Ahh yes. So, light and dark is used
often in scripture as a metaphor for good and bad. John loved this one, and I
do too because it serves as an outstanding illustration for otherwise hard to
grasp concepts.
Like pirates wearing eye patches,
some of us keep our lives adjusted to light and dark at the same time. We attend church, hold ourselves to a moral
code, and try to be general do-gooders. But then the night rolls around and we
switch that eye patch over to the other eye and its as if we'd never been in
the light all day - we're out getting drunk, sleeping around, selling drugs,
indulging our fleshly desires.
The problem is, our eyes - our
lifestyle - should not be adjusted to the dark.
1
Thessalonians 5:5 (NKJV)
You are all
sons of light and sons of the day. We are not of the night nor of darkness.
"How do you avoid getting to
that point?"
If it takes 20-30 minutes for your eyes
to fully adjust to the dark, then maybe it takes 20-30 bad decisions for your life to
fully adjust to the gutter life. In reality, that number is probably more like 2-3 bad decisions. Nevertheless, it starts with one. Just one decision, one temptation.
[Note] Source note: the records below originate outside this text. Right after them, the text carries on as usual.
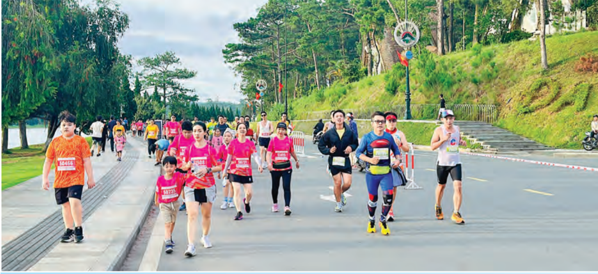
Không gian đi bộ lãng mạn và trong lành.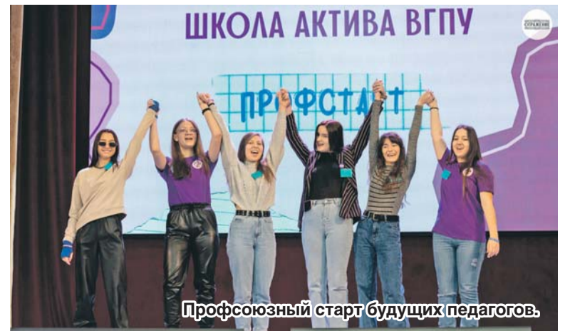
Профсоюзный старт будущих педагогов.

«...Было круто то, что правовые вопросы нам объясняли не скучным юридическим языком, а с са-моотдачей!»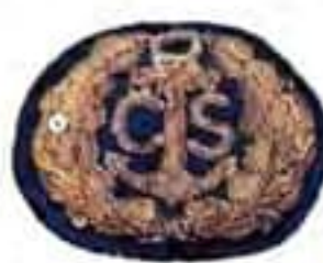
podložené farebným hodvábam podľa druhu vojska 1919 až 1920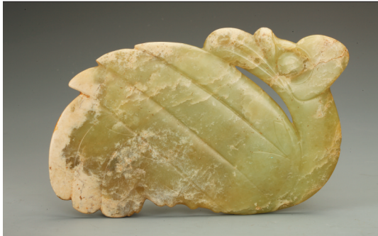
玉凤 新石器时代红山文化 辽宁朝阳牛河梁遗址出土 辽宁省文物考古研究院藏 淡绿色玉,有小开片。凤卧姿回首,高冠、曲颈、圆睛、疣鼻,扁喙呈弯钩状,喙前端埋于翅膀内。翅羽作三分上扬,尾羽作三分向下,以阴线浅刻羽根下短短的绒羽。凤身上的雕刻线条虽简,却层次井然,颇富立体感。背面光素无纹,有四对隧孔,均为竖穿,两两相对。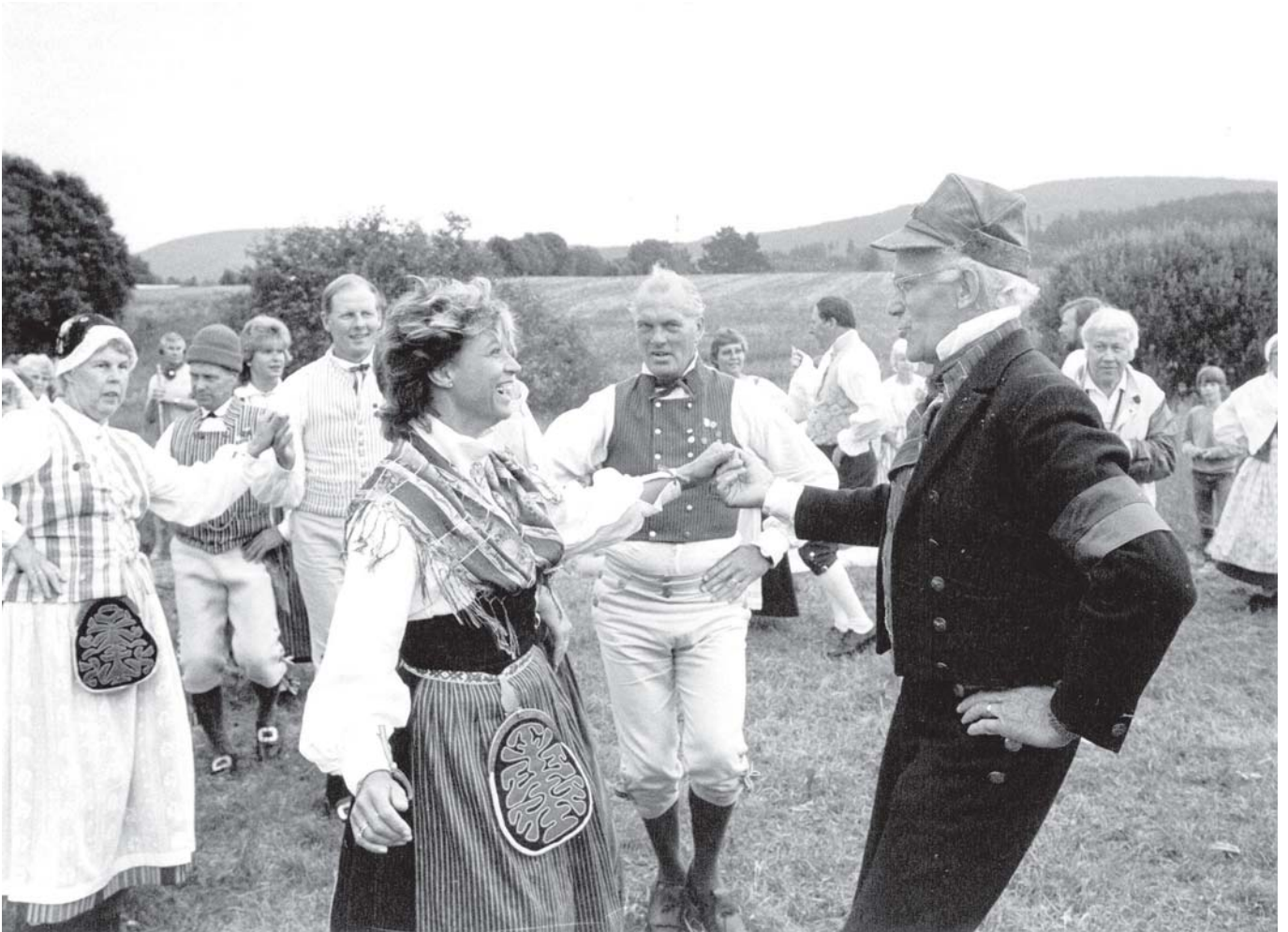
Barbro "Lillbabs" Svensson och "Hambogeneralen" Lars Hansson tar en svängom i Hårga.

Doesn't seem like much at the time, but when it comes back the next time, it's
that much easier to give in, until one day, it becomes your new normal. You're
eyes are fully adjusted to the dark.
John
8:12 (NKJV)
Then Jesus
spoke to them again, saying, “I am the light of the world. He who follows Me shall not walk in darkness, but have
the light of life."
We need to take the eye patch off
altogether and let the light of God permeate every part of our lives. Leave no
rock unturned. A life fully surrendered to the scrutiny of the cross. Set our
eyes on Jesus and let them fully adjust to His light so that any step into
darkness feels, as it should, wrong.
And when you are immersed in that
kind of light, you can't help but carry it with you. When Moses came down from
Mount Sinai after seeing literal glimpse of God, his face glowed. People thought something was wrong with
him. Something was right with him. I so
want to encounter God like that.
Set both eyes on Jesus, don't look to the
right or to the left, and watch miracles happen to you and through you.
Proverbs
4:25-27 (MSG)
Keep your eyes straight ahead;
ignore all sideshow distractions.
Watch your step,
and the road will stretch out smooth before you.
Look neither right nor left;
leave evil in the dust.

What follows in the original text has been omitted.